Eine Vision des Jesuskindes von 1344

Die Geschichte von Margaretha Ebner ist faszinierend - eine intime Erfahrung mit dem Jesuskind. In ihren eigenen Worten beschreibt sie kraftvolle Visionen, mit dem Säugling zusammen zu sein und ihn sogar zu stillen.

Margaretha Ebner war ungefähr vierzehn Jahre alt, als sie ein deutsches Nonnenkloster betrat. In ihren frühen Jahren gab es eine sehr schwierige Erfahrung, da eine unbekannte Krankheit sie verwüstete und sie für lange Zeit bettlägerig ließ. Sie beschrieb, wie sie sich manchmal kaum bewegen konnte oder dass „wenn es mich in meinem Kopf ergriff, dann vier Tage oder länger lachte oder weinte, ohne aufzuhören“.

Langsam kehrte Margarethas Gesundheit zurück und sie würde mächtige mystische Erfahrungen machen. Bis zum Jahr 1344 schrieb sie eine Art Tagebuch auf, in dem sie beschrieb, was sie sah und fühlte. Dies schließt ihre Erzählung über Momente ein, in denen sie Jesus Christus als Kind begegnet ist:

Ich habe ein Bild des Kindes, unseres Herrn in einer Wiege.
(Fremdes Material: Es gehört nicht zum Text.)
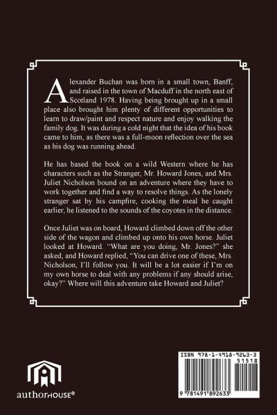 Alexander Buchan was born in a small town, Banff, and raised in the town of Macduff in the north east of Scotland 1978. Having being brought up in a small place also brought him plenty of different opportunities to learn to draw/paint and respect nature and enjoy walking the family dog. It was during a cold night that the idea of his book came to him, as there was a full-moon reflection over the sea as his dog was running ahead. He has based the book on a wild Western where he has characters such as the Stranger, Mr. Howard Jones, and Mrs. Juliet Nicholson bound on an adventure where they have to work together and find a way to resolve things. As the lonely stranger sat by his campfire, cooking the meal he caught earlier, he listened to the sounds of the coyotes in the distance. Once Juliet was on board, Howard climbed down off the other side of the wagon and climbed up onto his own horse. Juliet looked at Howard. "What are you doing, Mr. Jones?" she asked, and Howard replied, "You can drive one of these, Mrs. Nicholson, I'll follow you. It will be a lot easier if I'm on my own horse to deal with any problems if any should arise, okay?" Where will this adventure take Howard and Juliet?

Ich wurde von meinem Herrn mit großer Süße, Sehnsucht und Begierde und auch von seiner Bitte so kraftvoll gezwungen, weil mein Herr mir sagte: „Wenn du mich nicht zum Saugen gibst, dann werde ich mich im Moment wegnehmen du liebst mich am meisten. " Also nahm ich das Bild aus der Wiege und legte es mit großer Sehnsucht und Süße auf meine nackte Brust und fühlte dann die stärkste Gegenwart des Herrn. Danach fragte ich mich, wie unsere gesegnete Frau (die Jungfrau Maria) jemals die unaufhörliche Gegenwart Gottes ertragen könnte ... Aber meine Sehnsucht und mein Verlangen besteht darin, zu saugen, damit ich durch seine reine Menschlichkeit von ihm mit seiner brennenden Liebe gereinigt und in Brand gesetzt werde und seine Gegenwart und süße Gnade strömen durch mich, so dass ich durch den wahren Genuss seines göttlichen Wesens zusammen mit allen liebenden Seelen, die in Wahrheit gelebt haben, motiviert werde.
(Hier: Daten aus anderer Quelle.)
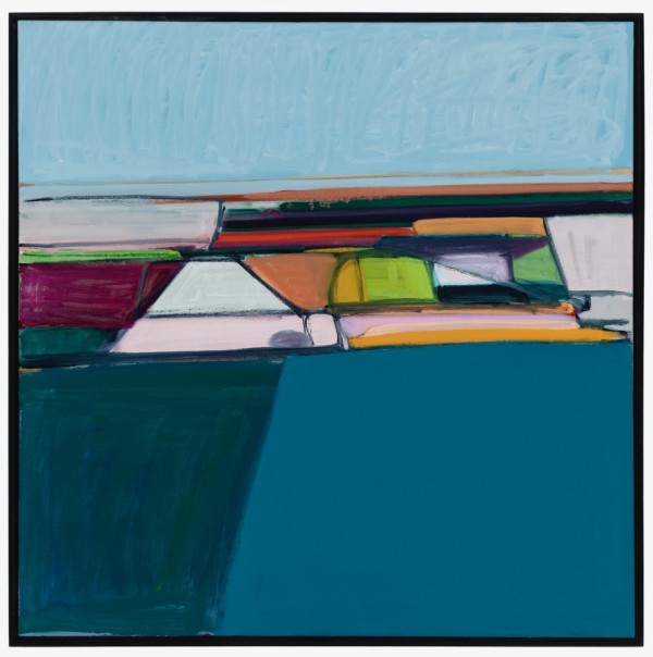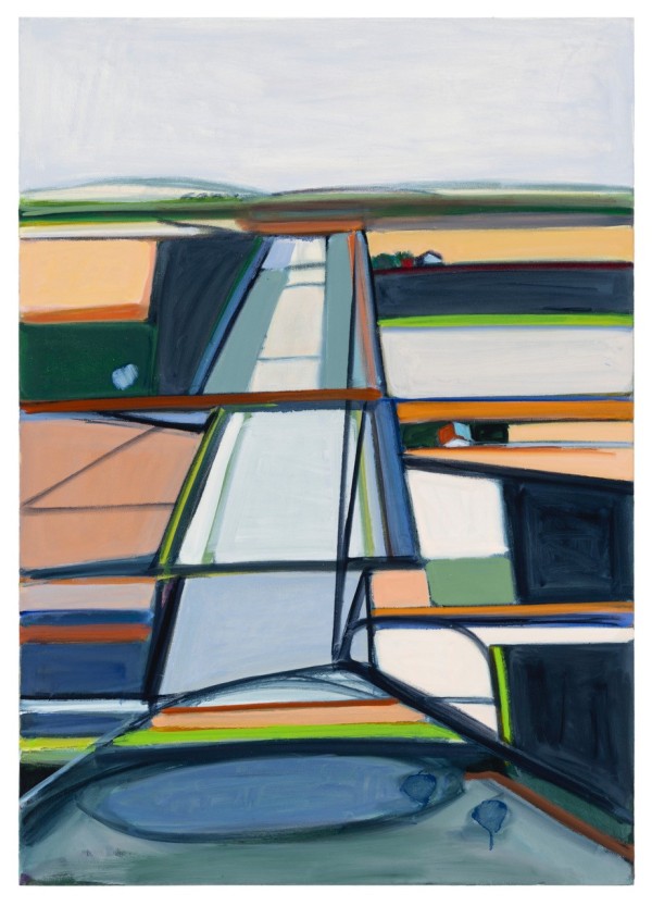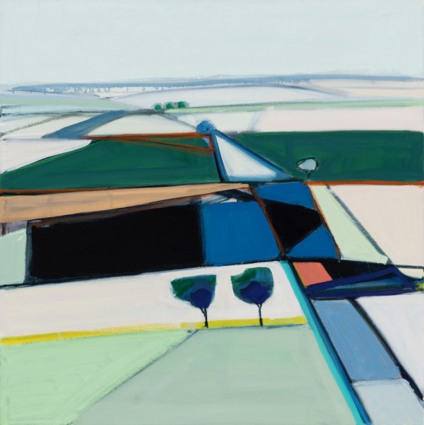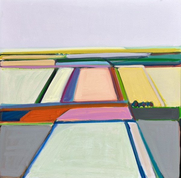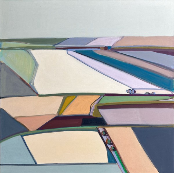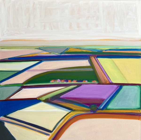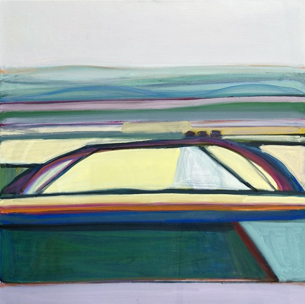 In these current works, I re-interpret the idea of traditional landscape. I am intrigued by the flat, open space and lack of verticals of the surrounding fields near my home in Kansas. The terrain and roads are geometric and simplified. Abstraction is the result of my quest to capture the feel of this region.

Margaretha erklärt auch, wie sie ein Bild von Jesus um den Hals trug und es gegen ihren Körper drückte:

Ich habe ein großes Kruzifix und war von großer Liebe und der Gegenwart Gottes gezwungen, dasselbe Kreuz an mein Herz zu drücken und es dort mit aller Kraft zu drücken. Von der Sehnsucht und süßen Gnade, die ich zu diesem Zweck habe, könnte ich es nie fühlen und immer noch so stark drücken, dass Todesflecken auf meiner Brust und meinem Körper erscheinen. Mein Herr spricht oft liebevoll und süß zu mir und sagt: „Verschone dich und erlaube uns, auf andere Weise zusammen zu sein. Das wünsche ich mir aus wahrer Liebe zu dir. “

Margaretha bemerkte, dass diese Ereignisse für sie körperlich herausfordernd waren und sie häufig nachts nicht schlafen konnten. Sie erzählt eine andere Geschichte:

Eines Nachts lag ich schlafend und Matins wurde gerufen, ich wurde durch das übliche Schweigegelübde eingeschränkt und dachte, ich könnte nicht aufstehen. Dann sprach mein geliebter Herr zu mir: „Steh auf und komm zu mir in den Chor, ich möchte dich so nett machen, wie ich es zuvor getan habe.“ Dann stand ich mit großer Freude auf und sagte Matins und ging in den Chor. Dann kam der große Wunsch nach dem Baby unseres Herrn zu mir und ich nahm das Bild und drückte es mit all meiner Kraft und Kraft an meine nackte Brust. Dann fühlte ich eine menschliche Berührung von Seinem Mund auf meiner nackten Brust. Dann erhielt ich eine große göttliche Angst, so dass ich eine Weile saß und nichts tun konnte. Die Angst wurde mir mit großer Freude und Barmherzigkeit genommen und ich beendete meine Gebete.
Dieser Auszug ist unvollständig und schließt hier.